Only the pictures are to be dropped; return all other data below exactly.

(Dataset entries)
■ ■ ■
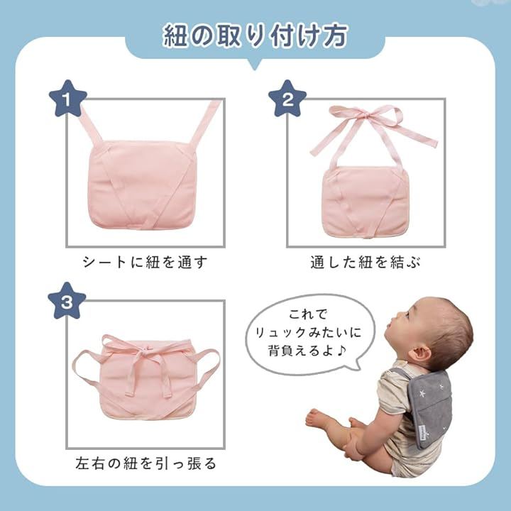 リュックにも枕にも変身」抱っこ紐に取り付けたり、着脱式の紐でリュック風にしたり、用途によって使い分けできます。
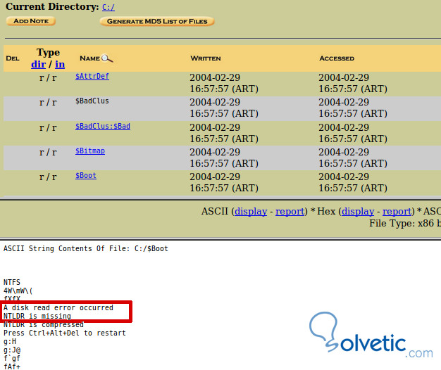 Vemos dentro de los directorios el directorio Boot que contiene los log de booteo de esa partición, si hacemos un click veremos el log y podremos verlo en distintos formatos como ASCII, Hexadecimal y texto, en este caso vemos el siguiente error:
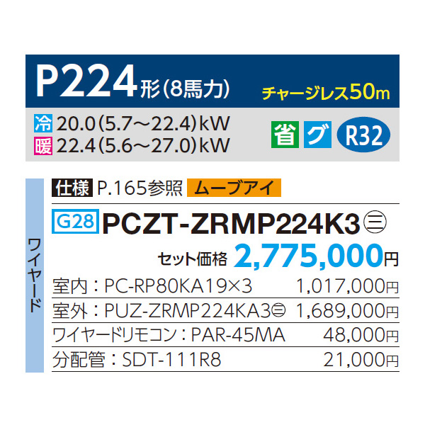 カテゴリ 業務用エアコン 型番 PCZT-ZRMP224K3 定価 3,052,500円 販売価格 税込 685,000円 送料 東京・神奈川全域:無料(一部地域や離島を除く) 詳細 ■メーカー:三菱電機 ■モデル名:2023年モデル ■タイプ名:パッケージエアコン / 天井吊り形1方向 / スリムZR / トリプル(室内機3台×室外機1台) ■能力:8馬力(P224形) /【平米数】132~195㎡ /【坪数】40~59坪 /【畳数】80~118畳 ■電源:三相200V ■室内機:PC-RP80KA19 x3 ■室外機:PUZ-ZRMP224KA3 ●室内機サイズ:高さ230mm×幅1280mm×奥行680mm ●室外機サイズ:高1338mm×幅1050mm×奥行330(+25)mm ■通年エネルギー消費効率:5.3 ■その他機能等 ・ワイヤード ・ムーブアイ ・冷暖自動運転 ・ドライ運転 ・ハイパワー運転 ・風速自動 ・風速ノッチ4 ・暖房プレヒート ・ホットスタート ※記載された情報は商品仕様の一部ですので、詳細はメーカーサイトにてご確認ください。 ※標準取付工事のほか、家電量販店では対応困難な『隠ぺい配管工事』も承ります。
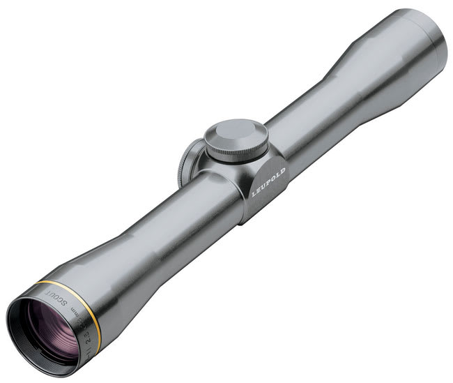This Leupold FX-II Scout 2.5x28mm scope with Duplex reticle features a gun metal gray finish, multicoat 4, xtended twilight lens system, diamondcoat2, 2nd generation argon/krypton waterproofing, blackened lens edges, super fast-focus eyepiece, lockable fast-focus eyepiece, classic/standard lockable eyepiece, ballistic aiming system, standard multicoat, adjustable objective, proprietary nitrogen fill process, and 6061-T6 aircraft quality aluminum.
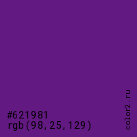 Цвет #621981 в цветовой модели RGB обозначается тремя октетами (98, 25, 129) в десятичном формате и #621981 в шестнадцатиричном (hex) формате, которые являются интенсивностью красного 98 (hex 62), интенсивность зелёного 25 (hex 19) и интенсивность синего 129 (hex 81).
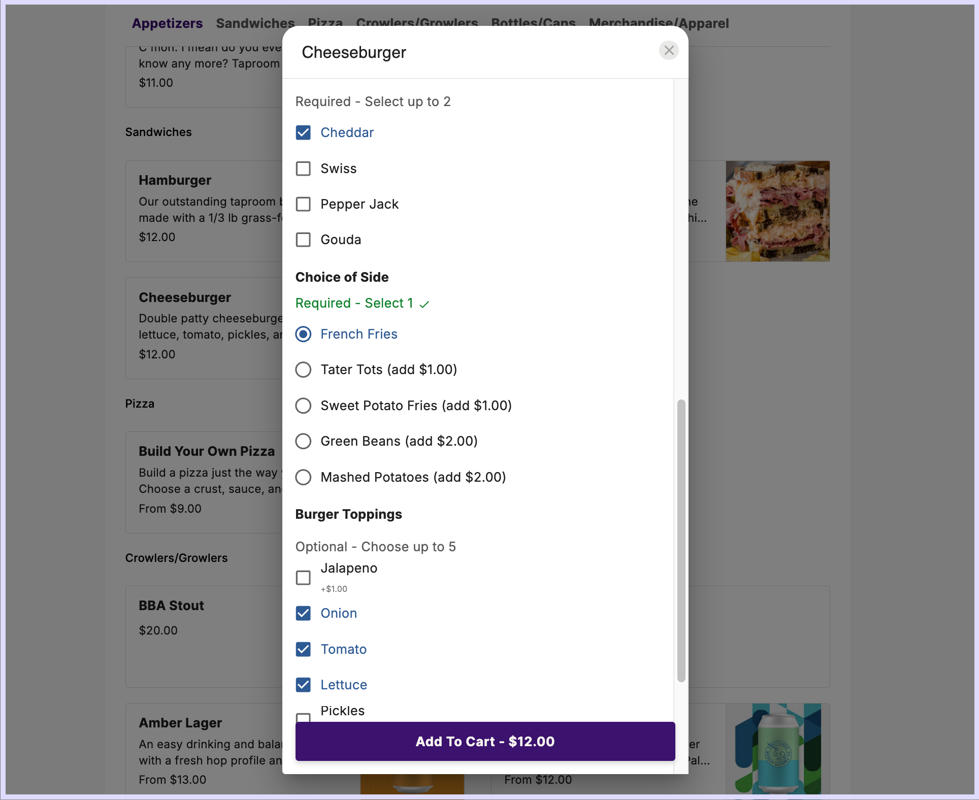 Required and Optional Modifier Groups are clearly presented to guide guests through the right choices when ordering through OpenTab and Arryved Online.
■ ■ ■
__Answer section__:
 リュックにも枕にも変身」抱っこ紐に取り付けたり、着脱式の紐でリュック風にしたり、用途によって使い分けできます。
 Vemos dentro de los directorios el directorio Boot que contiene los log de booteo de esa partición, si hacemos un click veremos el log y podremos verlo en distintos formatos como ASCII, Hexadecimal y texto, en este caso vemos el siguiente error:
 カテゴリ 業務用エアコン 型番 PCZT-ZRMP224K3 定価 3,052,500円 販売価格 税込 685,000円 送料 東京・神奈川全域:無料(一部地域や離島を除く) 詳細 ■メーカー:三菱電機 ■モデル名:2023年モデル ■タイプ名:パッケージエアコン / 天井吊り形1方向 / スリムZR / トリプル(室内機3台×室外機1台) ■能力:8馬力(P224形) /【平米数】132~195㎡ /【坪数】40~59坪 /【畳数】80~118畳 ■電源:三相200V ■室内機:PC-RP80KA19 x3 ■室外機:PUZ-ZRMP224KA3 ●室内機サイズ:高さ230mm×幅1280mm×奥行680mm ●室外機サイズ:高1338mm×幅1050mm×奥行330(+25)mm ■通年エネルギー消費効率:5.3 ■その他機能等 ・ワイヤード ・ムーブアイ ・冷暖自動運転 ・ドライ運転 ・ハイパワー運転 ・風速自動 ・風速ノッチ4 ・暖房プレヒート ・ホットスタート ※記載された情報は商品仕様の一部ですので、詳細はメーカーサイトにてご確認ください。 ※標準取付工事のほか、家電量販店では対応困難な『隠ぺい配管工事』も承ります。
This Leupold FX-II Scout 2.5x28mm scope with Duplex reticle features a gun metal gray finish, multicoat 4, xtended twilight lens system, diamondcoat2, 2nd generation argon/krypton waterproofing, blackened lens edges, super fast-focus eyepiece, lockable fast-focus eyepiece, classic/standard lockable eyepiece, ballistic aiming system, standard multicoat, adjustable objective, proprietary nitrogen fill process, and 6061-T6 aircraft quality aluminum.
 Цвет #621981 в цветовой модели RGB обозначается тремя октетами (98, 25, 129) в десятичном формате и #621981 в шестнадцатиричном (hex) формате, которые являются интенсивностью красного 98 (hex 62), интенсивность зелёного 25 (hex 19) и интенсивность синего 129 (hex 81).
 Required and Optional Modifier Groups are clearly presented to guide guests through the right choices when ordering through OpenTab and Arryved Online.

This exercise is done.